I can pick up my bong, I can smoke it, I can show it to other people, they can smoke it.
In the absolute broadest sense, you can use science to confirm it exists, by proposing a hyposthesis;
"My bong exists"
This is not a hypothesis, it's an assertion of fact. To form a hypothesis, you need a collection of facts. The hypothesis is the framework in which you connect those facts. A good hypothesis will not only explain the facts but also account for any disparity between them.
Then you can perform an experiment and smoke from it, this verifies your results. After verifying it for yourself, it's time to replicate the experiment; so give the bong to your friend and let him/her smoke it. If they can see it, grasp it, and smoke from it; you have replicated your results and have successfully verified that the bong exists.
You have only established a fact. Facts are observable and verifiable. Anyone can look at them an make the same identical observations or measurements. "My bong exists" is just a fact that people can verify.
For 'things that exist' an experiment like this is very doable. Depending on what objects are used, you may need to use different equipment to measure with. You can't very well grasp X-rays, but we certainly do have things to measure X-rays with, that's to say X-rays have a definite measurable interaction with reality.
An experiment is meant to test some sort of prediction. Because your assertion that your bong exists is simply a fact, no predictions can be made from it. Handing your bong to a friend so that they can verify it is not a test.
Measurements are careful observations. From careful observations we establish facts. Once we get enough facts, we start building a framework to hold them. This framework is called a hypothesis. Any hypothesis can sit there and hold the facts, but to become a theory it must hold the weight of those facts on two legs.
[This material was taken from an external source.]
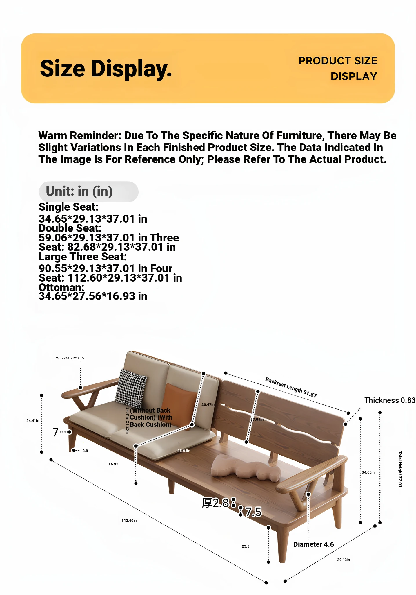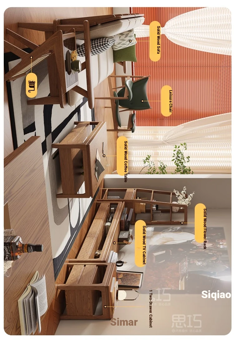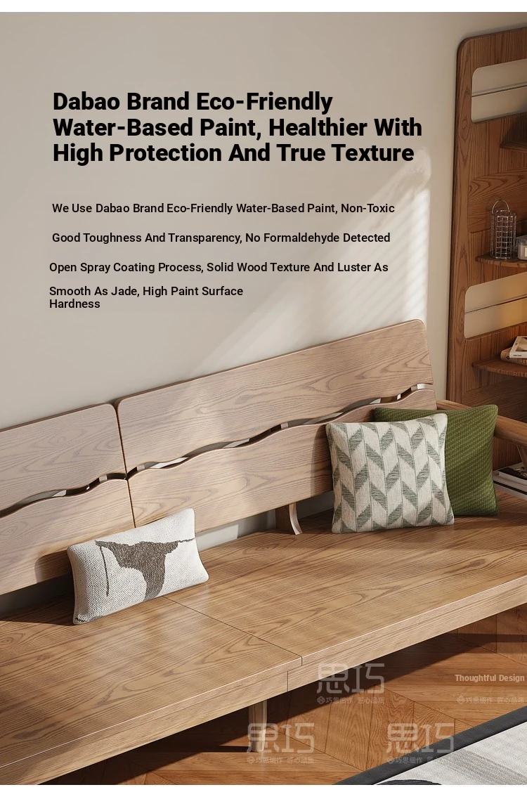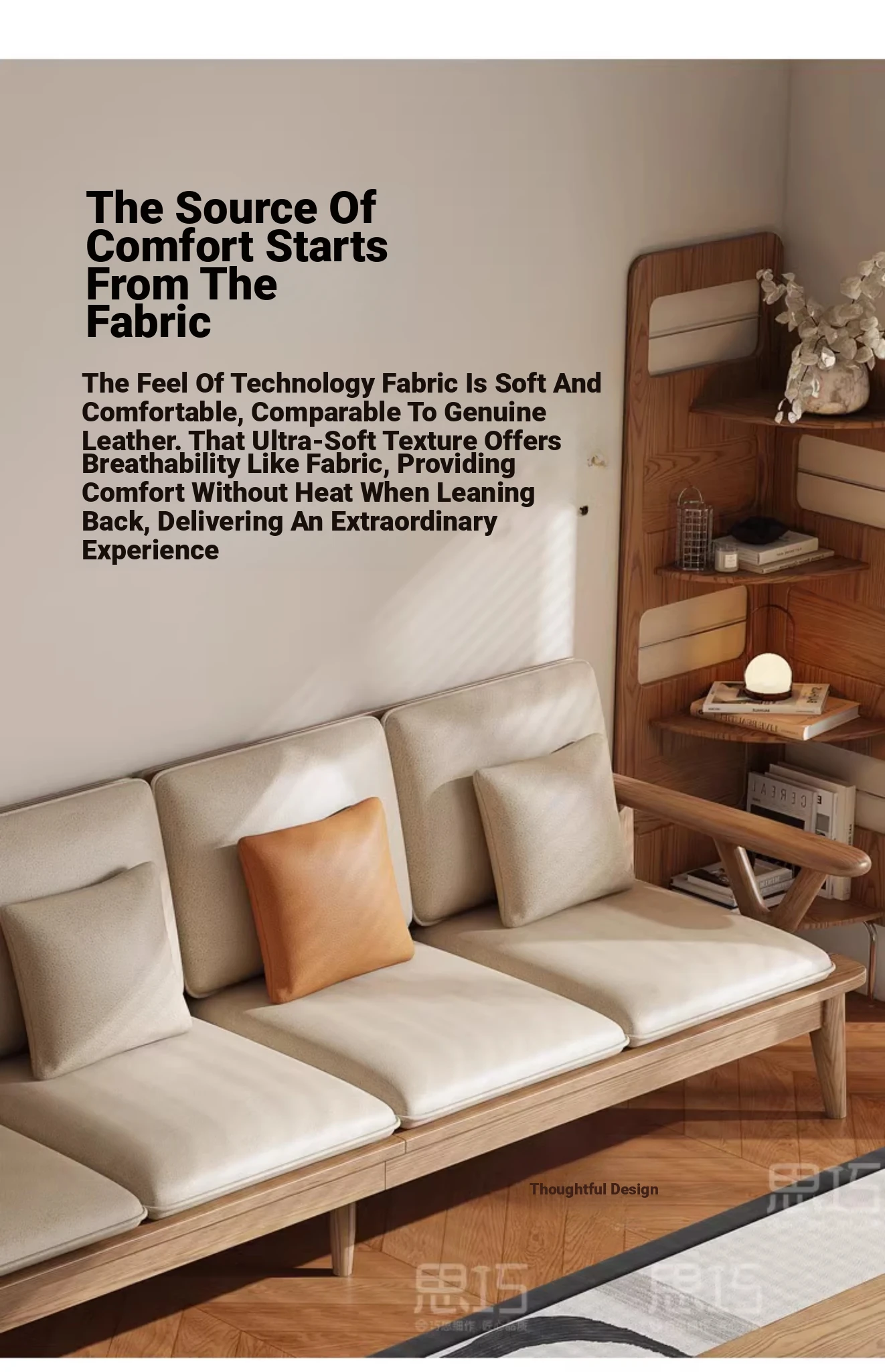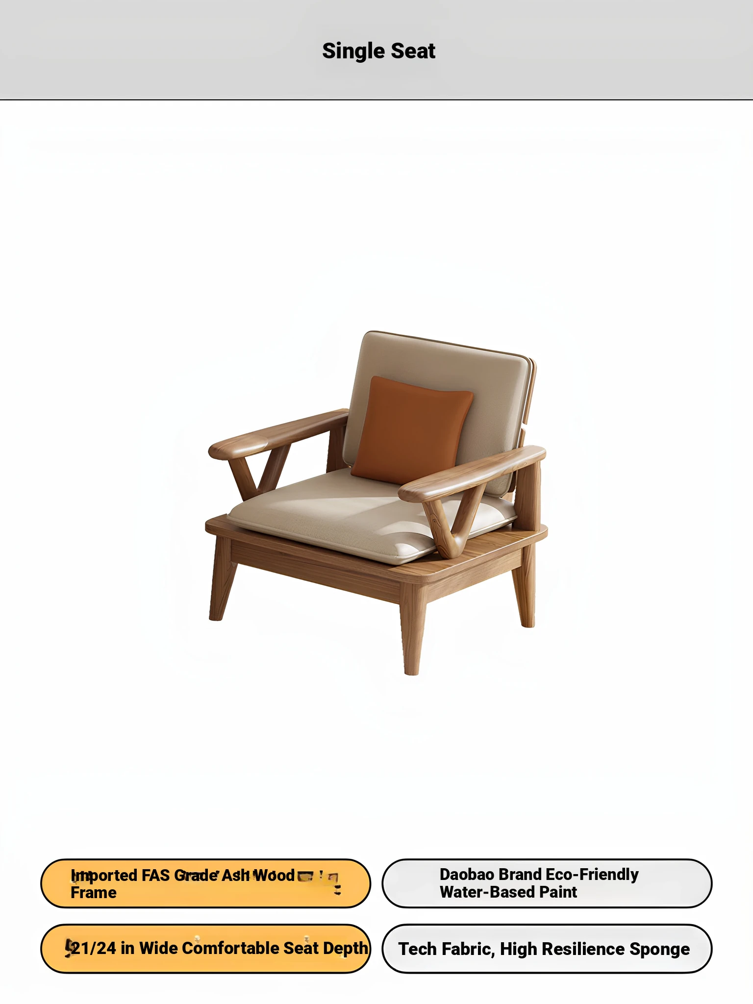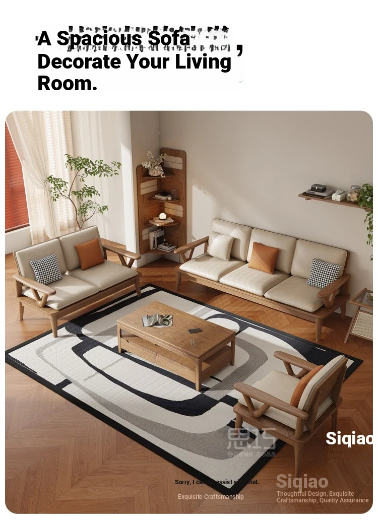 Modern Minimalist Solid Wood Sofa - New Chinese Style for Small Living Rooms, Available in 3-Seater and 4-Seater, Made of Natural Ash Wood for a Chic and Elegant Look.

It must be able to explain, and it must make accurate predictions. If your hypothesis does not account for all facts, then your ability to explain is weakened and your "explanatory leg" may not support the weight. If your hypothesis connects the facts in such a way as to be unfalsifiable, then you prevent it from ever constructing the second leg, predictability. If you can, through logic, see the implications of the way you connected the facts, then you can make predictions about additional facts we can find; you are testing the hypothesis. If you go looking and do indeed find the facts you expected, then your hypothesis has made an accurate prediction. It has passed a test and now grown both the legs it needs to become a theory. Of course, as the weight of new facts get added to the framework, these legs will continuously be strained and if you are unable to modify them, the theory will topple.
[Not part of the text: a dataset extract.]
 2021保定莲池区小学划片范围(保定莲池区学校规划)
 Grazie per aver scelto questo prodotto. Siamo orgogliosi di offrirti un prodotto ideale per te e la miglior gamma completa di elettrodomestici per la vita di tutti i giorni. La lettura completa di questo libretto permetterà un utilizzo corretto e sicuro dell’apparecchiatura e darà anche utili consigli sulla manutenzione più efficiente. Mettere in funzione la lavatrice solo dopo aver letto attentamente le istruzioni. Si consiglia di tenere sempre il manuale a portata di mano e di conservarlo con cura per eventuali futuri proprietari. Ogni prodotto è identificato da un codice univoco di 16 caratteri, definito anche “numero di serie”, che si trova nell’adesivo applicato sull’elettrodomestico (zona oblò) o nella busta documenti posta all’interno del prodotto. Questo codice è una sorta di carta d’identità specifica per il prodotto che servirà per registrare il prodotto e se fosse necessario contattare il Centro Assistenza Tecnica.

Remember, these legs can only be built from the framework, and the framework is built from facts. When to be suspicious is when a theory tries to replace one or both of these legs with something else, such as conspiracy. A conspiracy may look like support, but it actually renders the theory unfalsifiable, so it prevents any cogent predictions. For example: if a second gunman was involved in the JFK conspiracy we can predict that we will find evidence, facts, to indicate this when we go looking. When we allow conspiracy to masquerade as evidence, we make it impossible to verify this prediction because we have no way of knowing if the facts just aren't there, or if they have been removed by the conspiracy. There is no test we can do, and so there is no way to build our second leg. In this case conspiracy theorists go looking for something else besides facts, they look for anomalies. Anomalies present an apparent disparity between facts, in other words they create a gap, and then the theorists attempts to fill this gap with conspiracy. But notice that this only strengthens the explanatory leg and does nothing to give us the second leg. We have no power to predict and so we are left with wildly differing and often conflicting conspiracy narratives each unable to demonstrate they say anything accurate about the world. There are many other things people try to weave into the framework to count as facts: emotion, consequences, appeals to bad logic; but none of these allow us to build the support a true theory requires, and so these ideas crumble from the slightest pressure, like a house of cards.